The last day was the real adventure. I headed to northeast Philadelphia to seek out what might be described as a secret second Chinatown. Philadelphia is not like LA or many of the other cities that have a suburban Chinese community. However I remember reading maybe 10 years ago about how Chinese priced out of New York had started moving to a lower end portion of Philadelphia and were starting to build up a community. My only information was one authentic Chinese restaurant on Castor Ave., so I made my way out there. A block on Castor Ave. with a Chinese restaurant, and Chinese jewelry store, a Chinese notary, and a Chinese construction contractor. And down a couple of blocks was a Chinese grocery store and a Chinese real estate broker. (And a few blocks away I found a Chinese computer store.) Interestingly I could find no internet references to this Chinese community, not even the original article I had read.
I then headed up US Highway 1 towards New York. If time permitted I could go to Flushing to eat before my late afternoon flight home. While I have been to Flushing several times, the Chinatown has grown so much in the years since I started visiting it in the late 1990s such that there is a stretch on Main Street that is too far away from where I normally stay as it’s beyond walking distance. So when I turned onto the south end of Main St., I saw all the places that I had been wanting to try–New Lake Pavilion, East Dim Sum, Kung Fu Xiao Long Bao and Main Street Imperial Taiwanese Gourmet. There would be plenty of food for the airport and the long flight home, and then some!

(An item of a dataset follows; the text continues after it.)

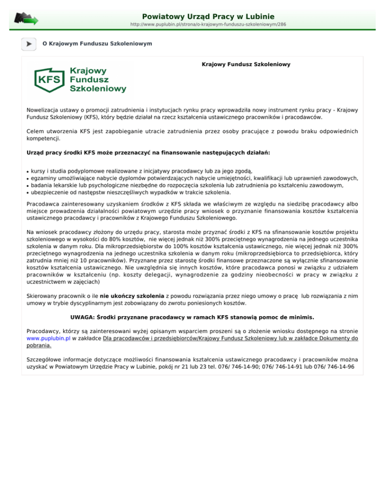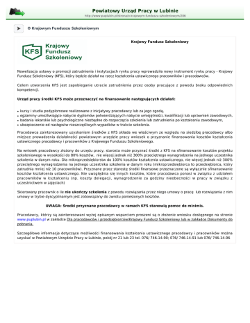 Powiatowy Urząd Pracy w Lubinie http://www.puplubin.pl/strona/o-krajowym-funduszu-szkoleniowym/286 O Krajowym Funduszu Szkoleniowym Krajowy Fundusz Szkoleniowy Nowelizacja ustawy o promocji zatrudnienia i instytucjach rynku pracy wprowadziła nowy instrument rynku pracy - Krajowy Fundusz Szkoleniowy (KFS), który będzie działał na rzecz kształcenia ustawicznego pracowników i pracodawców. Celem utworzenia KFS jest zapobieganie utracie zatrudnienia przez osoby pracujące z powodu braku odpowiednich kompetencji. Urząd pracy środki KFS może przeznaczyć na finansowanie następujących działań: ● ● ● ● kursy i studia podyplomowe realizowane z inicjatywy pracodawcy lub za jego zgodą, egzaminy umożliwiające nabycie dyplomów potwierdzających nabycie umiejętności, kwalifikacji lub uprawnień zawodowych, badania lekarskie lub psychologiczne niezbędne do rozpoczęcia szkolenia lub zatrudnienia po kształceniu zawodowym, ubezpieczenie od następstw nieszczęśliwych wypadków w trakcie szkolenia. Pracodawca zainteresowany uzyskaniem środków z KFS składa we właściwym ze względu na siedzibę pracodawcy albo miejsce prowadzenia działalności powiatowym urzędzie pracy wniosek o przyznanie finansowania kosztów kształcenia ustawicznego pracodawcy i pracowników z Krajowego Funduszu Szkoleniowego. Na wniosek pracodawcy złożony do urzędu pracy, starosta może przyznać środki z KFS na sfinansowanie kosztów projektu szkoleniowego w wysokości do 80% kosztów, nie więcej jednak niż 300% przeciętnego wynagrodzenia na jednego uczestnika szkolenia w danym roku. Dla mikroprzedsiębiorstw do 100% kosztów kształcenia ustawicznego, nie więcej jednak niż 300% przeciętnego wynagrodzenia na jednego uczestnika szkolenia w danym roku (mikroprzedsiębiorca to przedsiębiorca, który zatrudnia mniej niż 10 pracowników). Przyznane przez starostę środki finansowe przeznaczone są wyłącznie sfinansowanie kosztów kształcenia ustawicznego. Nie uwzględnia się innych kosztów, które pracodawca ponosi w związku z udziałem pracowników w kształceniu (np. koszty delegacji, wynagrodzenie za godziny nieobecności w pracy w związku z uczestnictwem w zajęciach) Skierowany pracownik o ile nie ukończy szkolenia z powodu rozwiązania przez niego umowy o pracę lub rozwiązania z nim umowy w trybie dyscyplinarnym jest zobowiązany do zwrotu poniesionych kosztów. UWAGA: Środki przyznane pracodawcy w ramach KFS stanowią pomoc de minimis. Pracodawcy, którzy są zainteresowani wyżej opisanym wsparciem proszeni są o złożenie wniosku dostępnego na stronie www.puplubin.pl w zakładce Dla pracodawców i przedsiębiorców/Krajowy Fundusz Szkoleniowy lub w zakładce Dokumenty do pobrania. Szczegółowe informacje dotyczące możliwości finansowania kształcenia ustawicznego pracodawcy i pracowników można uzyskać w Powiatowym Urzędzie Pracy w Lubinie, pokój nr 21 lub 23 tel. 076/ 746-14-90; 076/ 746-14-91 lub 076/ 746-14-96

The Flushing highlight was definitely the vegetarian chicken at Kung Fu Xiao Long Bao. Equal to, if not better than the version at Homer’s Taste in Flushing, where I usually get that dish. Like Mounds candy bars, it was indescribably delicious. This is the one dish that Flushing does better than anywhere in California, and was the perfect ending to a great trip. But honorable mention goes to the beef cheung fun from East Dim Sum, which was as good as it gets. And special note goes to the giant steamed chicken bao from New Lake Pavilion, which was a meal in itself. This is a version of an old Toishanese American item, a steamed bao with chicken, lop chung and egg yolk. It was particularly widespread in old San Francisco Chinatown (one restaurant there sells it, calling it the Toishan bun), not so much in Los Angeles, and not particularly one of my favorites. But this one was pretty good and well worth the $2.25 charge, which I did not initially understand.